◆ **How to complete this task**
Copy nothing but the lines from the line with "Danach marschieren wir" to the end of the records, retyped exactly. Pictures stay out.

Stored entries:

╔══

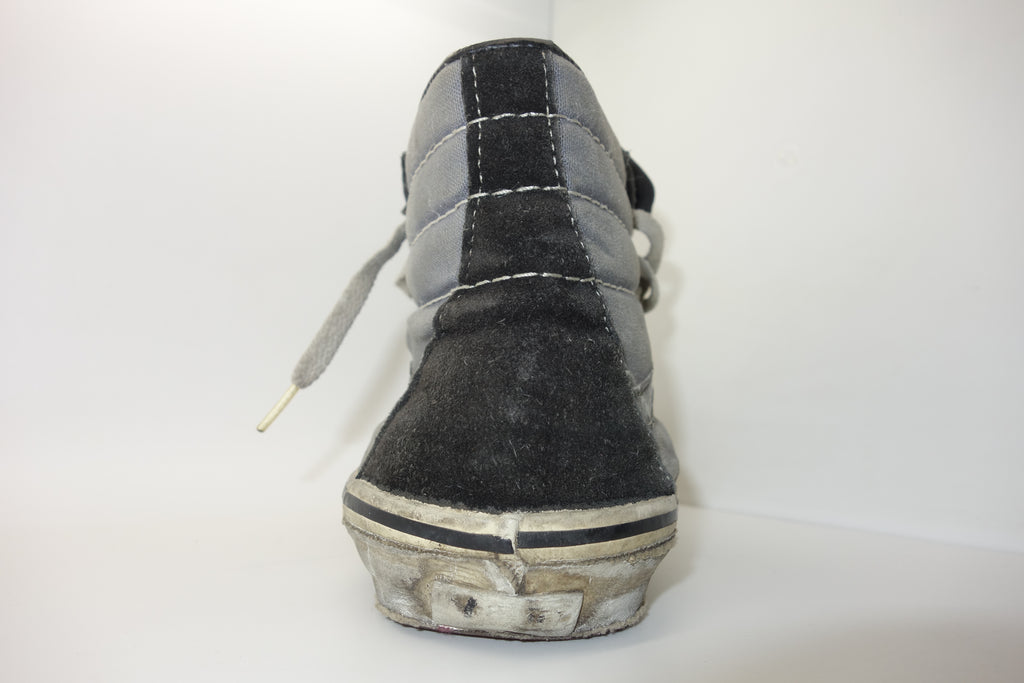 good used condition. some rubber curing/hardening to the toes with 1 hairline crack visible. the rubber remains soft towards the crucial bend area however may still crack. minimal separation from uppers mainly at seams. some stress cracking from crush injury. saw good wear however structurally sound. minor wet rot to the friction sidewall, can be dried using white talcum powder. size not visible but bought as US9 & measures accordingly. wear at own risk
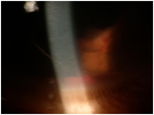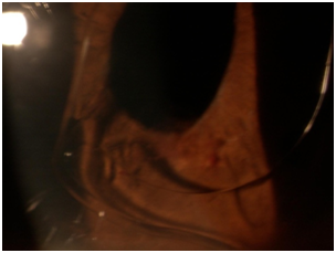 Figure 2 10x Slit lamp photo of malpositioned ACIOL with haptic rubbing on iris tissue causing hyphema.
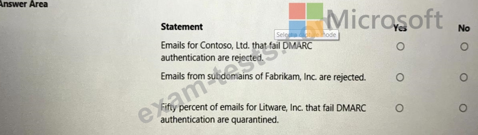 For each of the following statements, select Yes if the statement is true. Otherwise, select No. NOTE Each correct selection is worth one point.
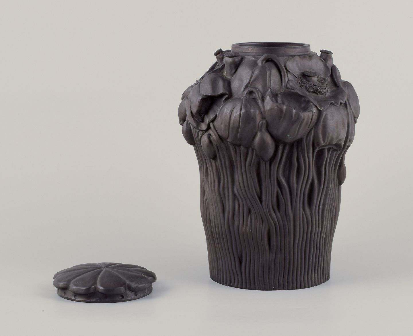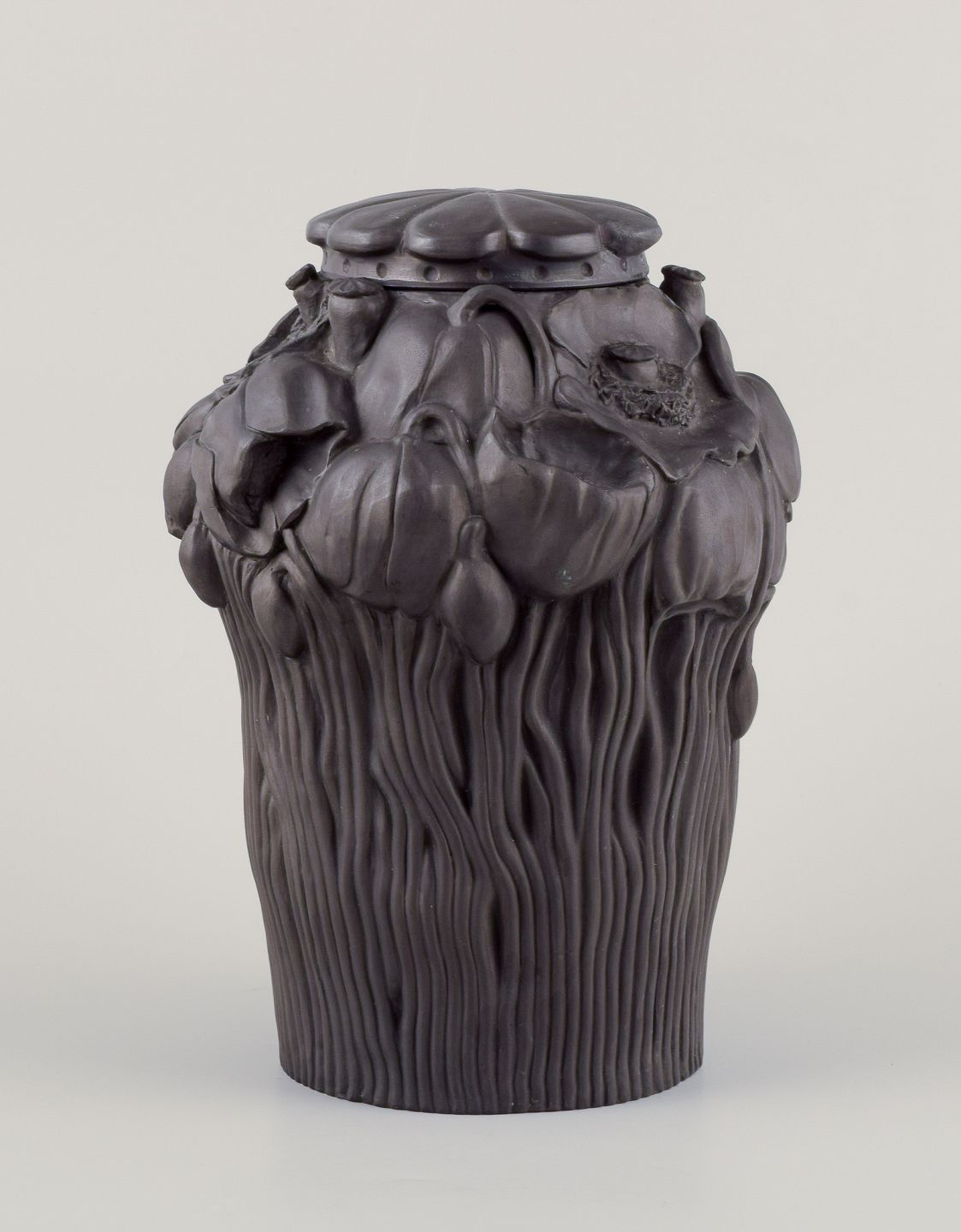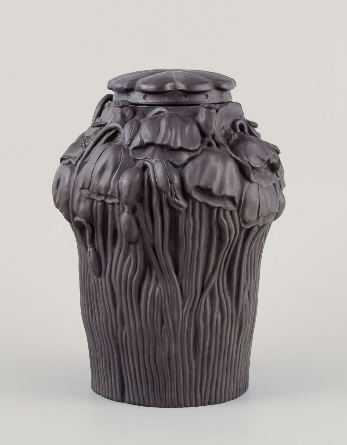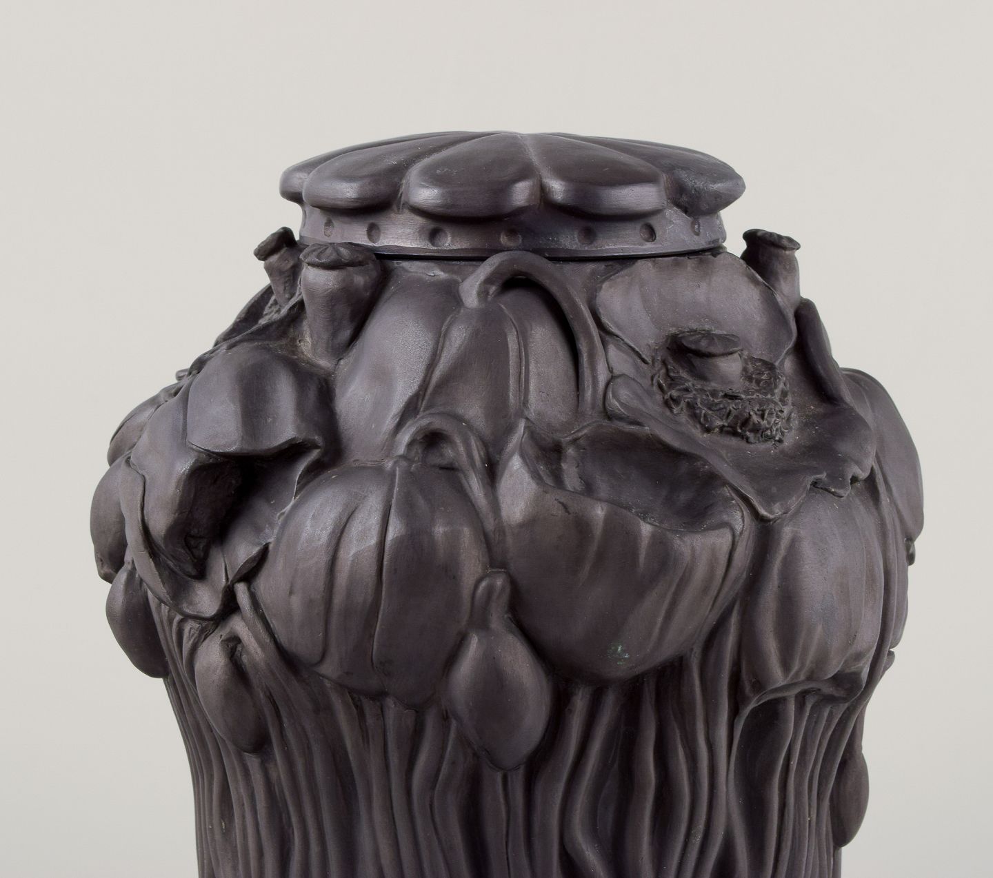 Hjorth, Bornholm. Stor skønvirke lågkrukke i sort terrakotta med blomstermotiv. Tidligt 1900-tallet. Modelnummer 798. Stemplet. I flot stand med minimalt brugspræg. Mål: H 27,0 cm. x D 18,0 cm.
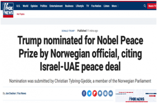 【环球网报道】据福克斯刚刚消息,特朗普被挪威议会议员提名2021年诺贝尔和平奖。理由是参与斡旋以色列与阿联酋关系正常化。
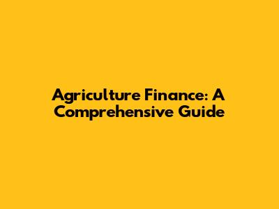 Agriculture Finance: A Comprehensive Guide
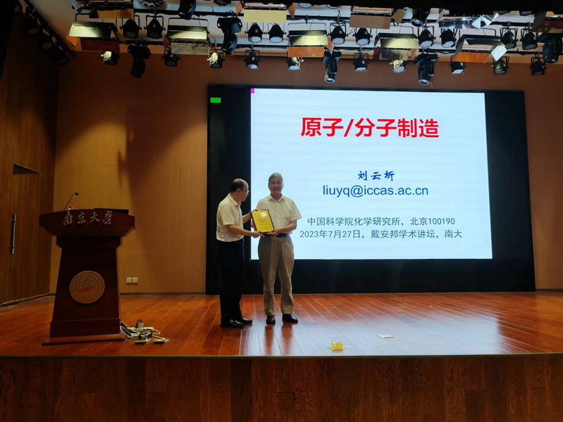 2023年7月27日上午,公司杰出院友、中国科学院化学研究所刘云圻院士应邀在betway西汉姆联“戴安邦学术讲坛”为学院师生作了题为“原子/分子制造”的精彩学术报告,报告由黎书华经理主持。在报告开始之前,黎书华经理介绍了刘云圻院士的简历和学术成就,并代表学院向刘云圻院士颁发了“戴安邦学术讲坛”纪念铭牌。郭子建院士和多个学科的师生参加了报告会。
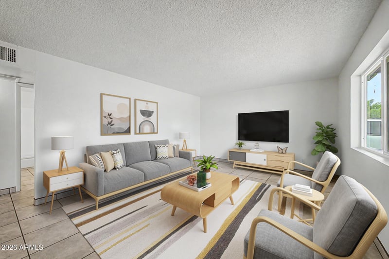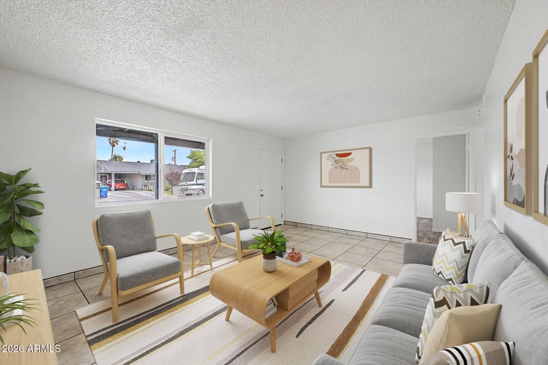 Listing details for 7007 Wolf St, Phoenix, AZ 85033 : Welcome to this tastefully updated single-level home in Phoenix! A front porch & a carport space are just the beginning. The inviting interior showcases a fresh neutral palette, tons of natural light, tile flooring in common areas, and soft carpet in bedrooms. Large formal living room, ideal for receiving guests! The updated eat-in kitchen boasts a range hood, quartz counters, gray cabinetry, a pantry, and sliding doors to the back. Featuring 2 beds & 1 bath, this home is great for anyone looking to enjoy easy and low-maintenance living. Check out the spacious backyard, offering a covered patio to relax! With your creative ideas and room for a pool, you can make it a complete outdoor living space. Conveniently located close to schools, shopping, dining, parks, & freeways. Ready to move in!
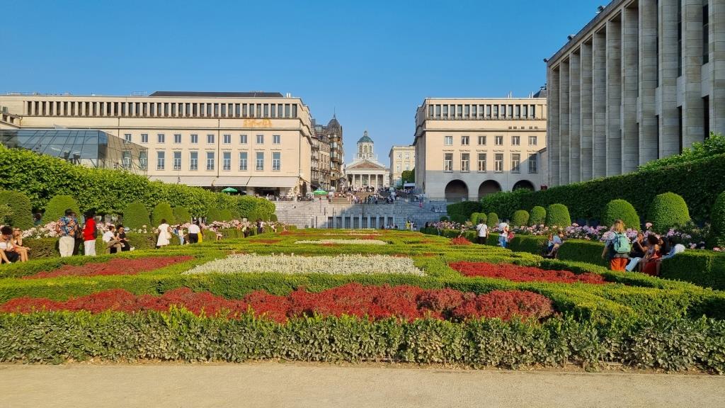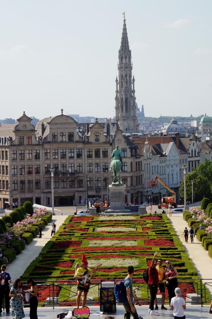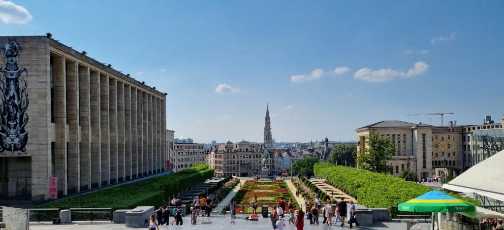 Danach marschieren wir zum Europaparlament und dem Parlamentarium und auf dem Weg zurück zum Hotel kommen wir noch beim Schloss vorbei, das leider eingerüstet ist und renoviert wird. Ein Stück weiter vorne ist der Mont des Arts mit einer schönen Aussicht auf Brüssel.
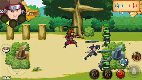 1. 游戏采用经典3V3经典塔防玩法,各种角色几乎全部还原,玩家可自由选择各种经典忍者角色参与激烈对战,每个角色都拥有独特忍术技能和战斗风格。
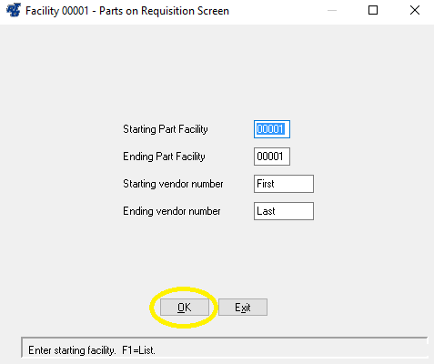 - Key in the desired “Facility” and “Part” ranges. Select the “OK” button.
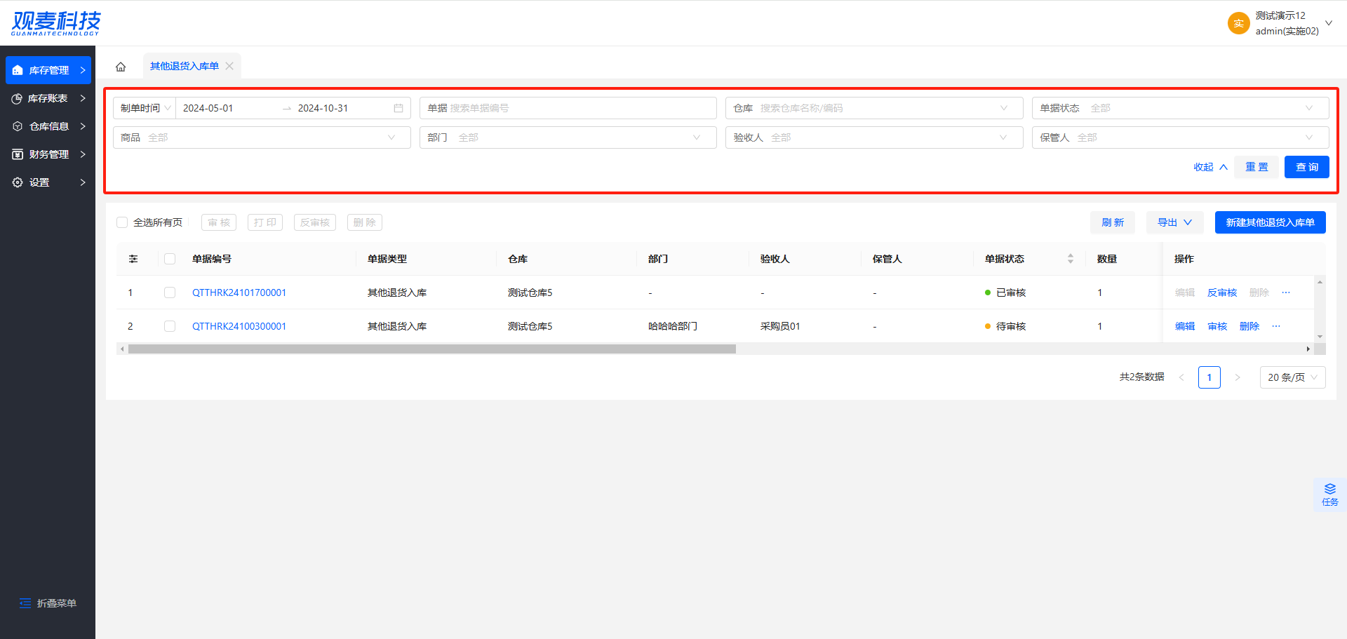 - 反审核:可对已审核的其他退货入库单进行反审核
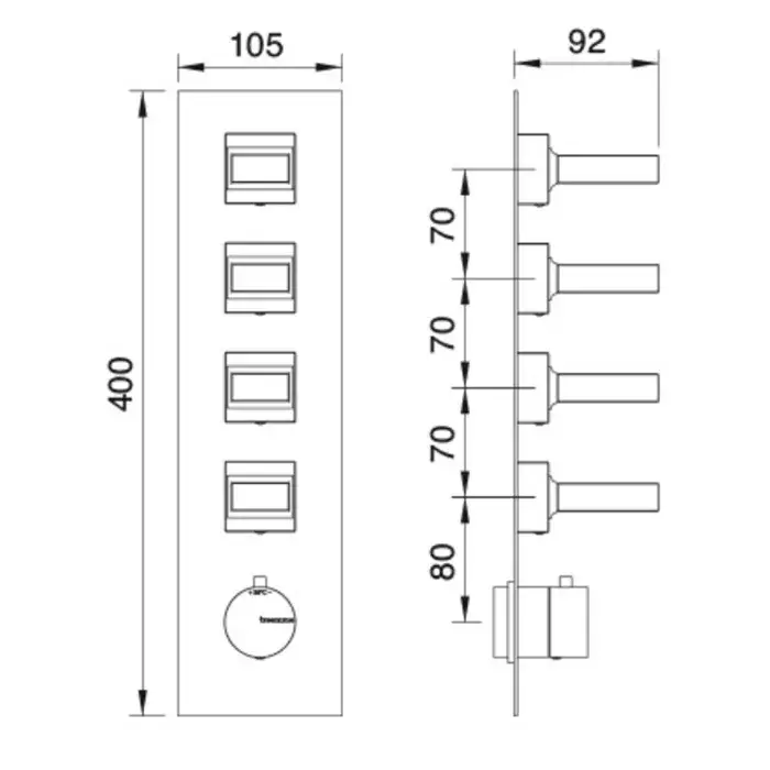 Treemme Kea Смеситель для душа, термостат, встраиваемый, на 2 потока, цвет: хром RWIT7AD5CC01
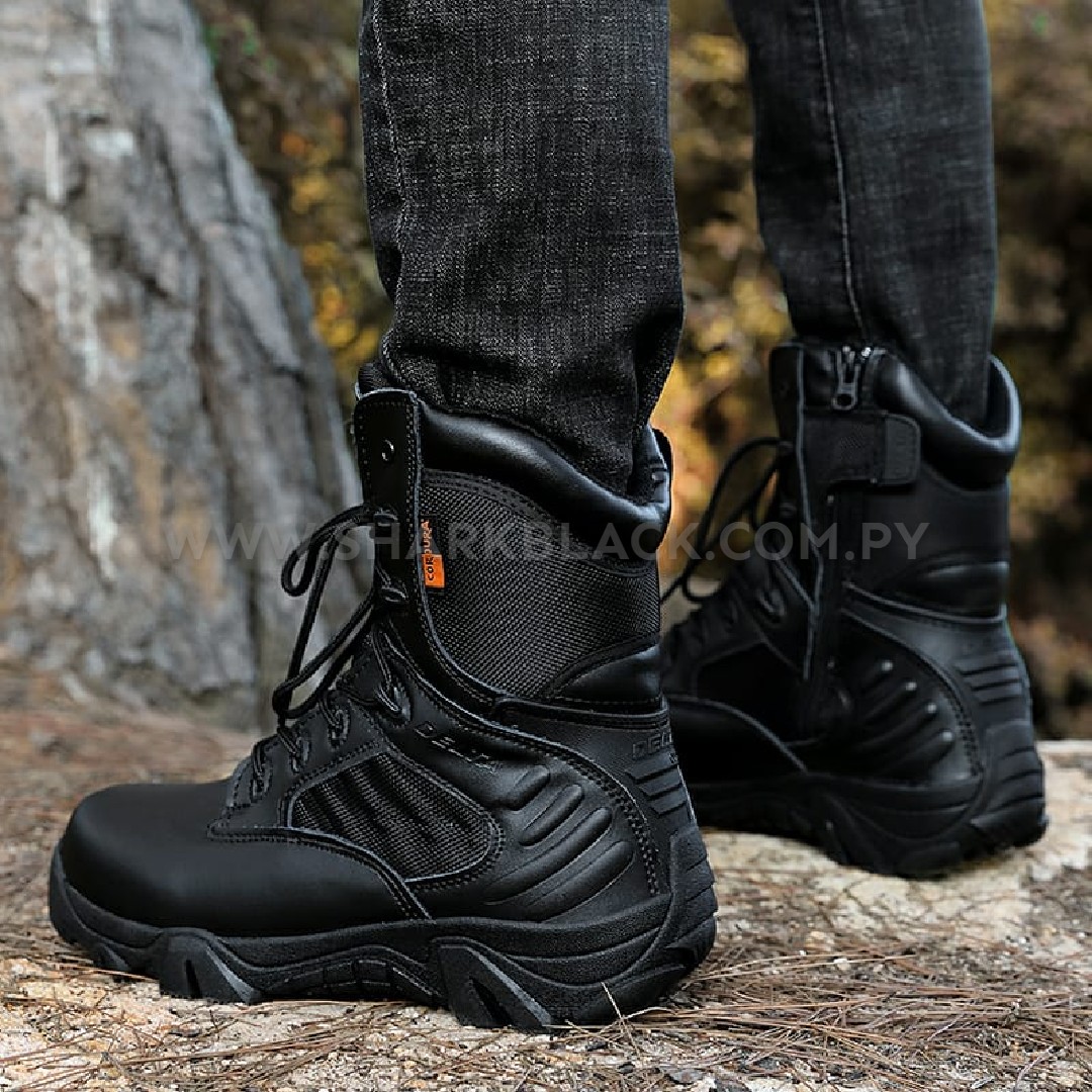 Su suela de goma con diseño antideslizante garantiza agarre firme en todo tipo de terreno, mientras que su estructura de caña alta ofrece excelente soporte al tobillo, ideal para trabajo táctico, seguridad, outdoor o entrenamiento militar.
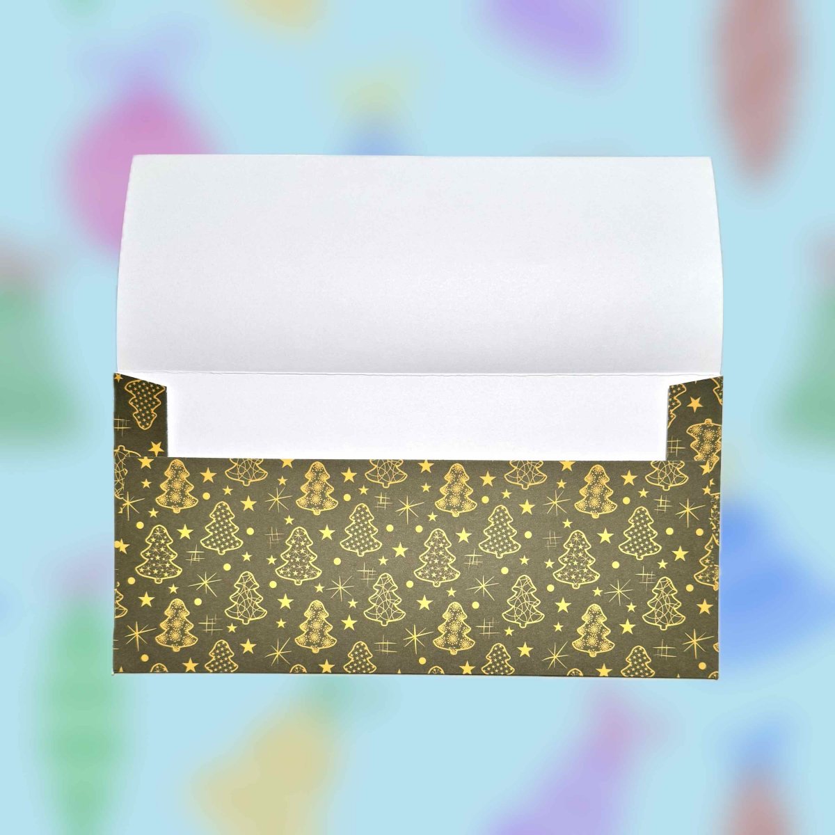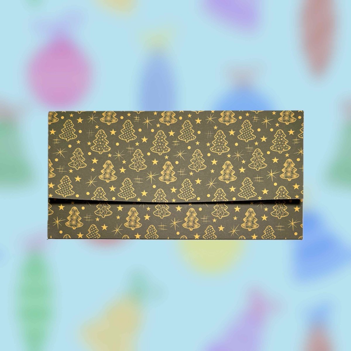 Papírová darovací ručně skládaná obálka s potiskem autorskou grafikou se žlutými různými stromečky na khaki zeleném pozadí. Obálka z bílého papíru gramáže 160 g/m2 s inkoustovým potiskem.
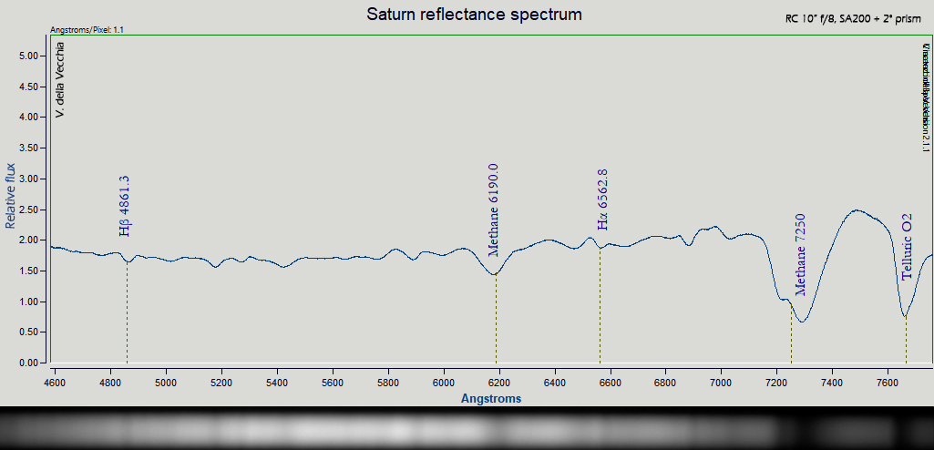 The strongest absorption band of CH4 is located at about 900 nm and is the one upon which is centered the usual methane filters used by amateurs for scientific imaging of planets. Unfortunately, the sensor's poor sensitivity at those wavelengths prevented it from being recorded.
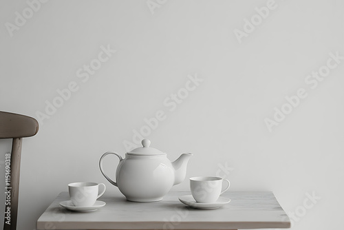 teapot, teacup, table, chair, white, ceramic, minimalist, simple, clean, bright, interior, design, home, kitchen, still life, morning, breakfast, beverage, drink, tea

╚══

◆ **Task solution**
 Danach marschieren wir zum Europaparlament und dem Parlamentarium und auf dem Weg zurück zum Hotel kommen wir noch beim Schloss vorbei, das leider eingerüstet ist und renoviert wird. Ein Stück weiter vorne ist der Mont des Arts mit einer schönen Aussicht auf Brüssel.
 1. 游戏采用经典3V3经典塔防玩法,各种角色几乎全部还原,玩家可自由选择各种经典忍者角色参与激烈对战,每个角色都拥有独特忍术技能和战斗风格。
 - Key in the desired “Facility” and “Part” ranges. Select the “OK” button.
 - 反审核:可对已审核的其他退货入库单进行反审核
 Treemme Kea Смеситель для душа, термостат, встраиваемый, на 2 потока, цвет: хром RWIT7AD5CC01
 Su suela de goma con diseño antideslizante garantiza agarre firme en todo tipo de terreno, mientras que su estructura de caña alta ofrece excelente soporte al tobillo, ideal para trabajo táctico, seguridad, outdoor o entrenamiento militar.
 Papírová darovací ručně skládaná obálka s potiskem autorskou grafikou se žlutými různými stromečky na khaki zeleném pozadí. Obálka z bílého papíru gramáže 160 g/m2 s inkoustovým potiskem.
 The strongest absorption band of CH4 is located at about 900 nm and is the one upon which is centered the usual methane filters used by amateurs for scientific imaging of planets. Unfortunately, the sensor's poor sensitivity at those wavelengths prevented it from being recorded.
 teapot, teacup, table, chair, white, ceramic, minimalist, simple, clean, bright, interior, design, home, kitchen, still life, morning, breakfast, beverage, drink, tea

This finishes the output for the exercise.